Однако развитие поэтической технологии надолго задержала т.н. романтическая реакция на процессы промышленной революции; в том, что выявленному впоследствии Бретоном психическому автоматизму она придала самодостаточный статус высокой поэзии , мы можем видеть истоки бездумного эгоистического конформизма сегодняшних дней. Впрочем, в лучших умах эпохи, назовем только Бодлера, По и кн.Одоевского, - очевиден подавленный ее условностями интерес к механике оптических приборов и иллюзий, а также к лежащей уже в основе поэтических машин криптографии. Развитие здоровых, открытых и натуралистических, тенденций выразилось в созданном около 1860 г. Кэроллом проекте поэтической машины: принцип свободно перемешиваемого текста с тех пор использовали многие, от Сандрара и Дюшана до Берроуза (наш земляк Ю.Галецкий формулирует его так: То, что плохо лежит, пусть лежит иначе ). Тот же механизм заложен и в общеизвестном белом листе Малларме, и в последующей бесконечной череде опытов с чистыми, очищаемыми, сжигаемыми и т.д. страницами. В это же время формируется собственно патафизическая область знаний: пантософия, или лирософия, или дефектная наука , связанная с трудами естественных мыслителей , деградирующих поэтов и научно-художественных писателей.

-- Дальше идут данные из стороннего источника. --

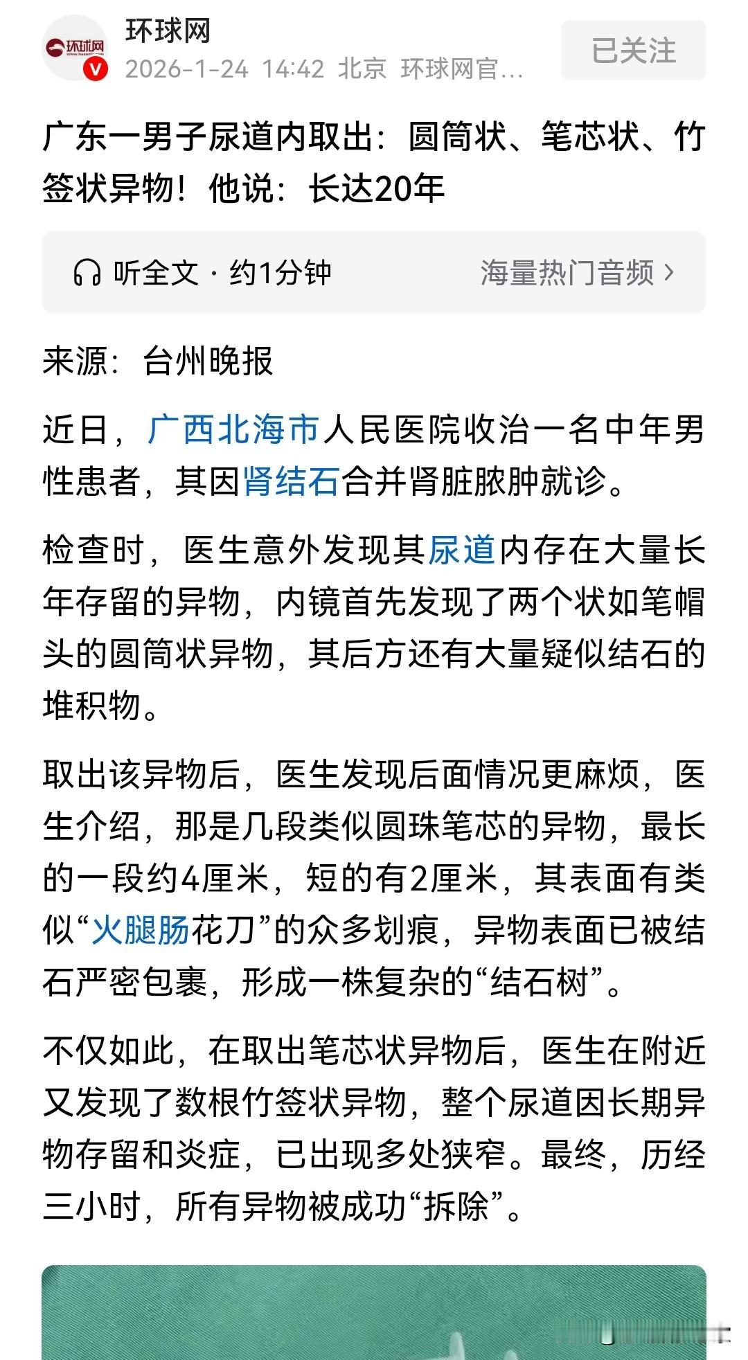 这大哥对自己是真狠!20年啊! 刷到这个新闻真是服了,刷新三观 广东一男子就医,医生从他那里掏出一堆异物! 圆筒的、笔芯的、竹签的全有,最长笔芯4厘米,还被结石裹成了结石树! 更离谱的是,这些东西在他身体里整整待了20年! 那里都发炎变窄了,硬是扛到肾结石肾脓肿才去医院,这忍耐力谁看了不懵? 医生取这些异物足足花了3小时,咱就是说,对自己也太狠了吧! 身体不舒服别硬扛,赶紧看医生才是正事啊! 离谱新闻 人类迷惑行为大赏

Одним из классиков, предшествовавших новой дисциплине, считается поэт-гидропат, пионер цветной фотографии и изучения способов межпланетного сообщения, изобретатель фонографа Шарль Кро, опубликовавший в 1879 г. Принципы церебральной механики : форма этого труда стала образцом патафизического исследования, - т.е. аналитическое описание, устраняющее неизбежную заведомость сочинительства, - а содержащиеся в нем выкладки и чертежи предвосхитили многие шедевры демонстрационной аппаратуры (например, машины Дюшана) из арсенала современной патафизики. Официальная дата ее рождения, 28 апреля 1893 г., названа Альфредом Жарри, которому принадлежат и первые детализированные проекты креативных машин-клинаменов (т.е. использующих энергию случайности). Изложенные в романах, статьях и ряде пьес, эти разработки, как и основные положения новой науки, получили широкую известность уже после смерти Жарри, с выходом в 1911 г. его книги Дела и мнения д-ра Фостроля, патафизика .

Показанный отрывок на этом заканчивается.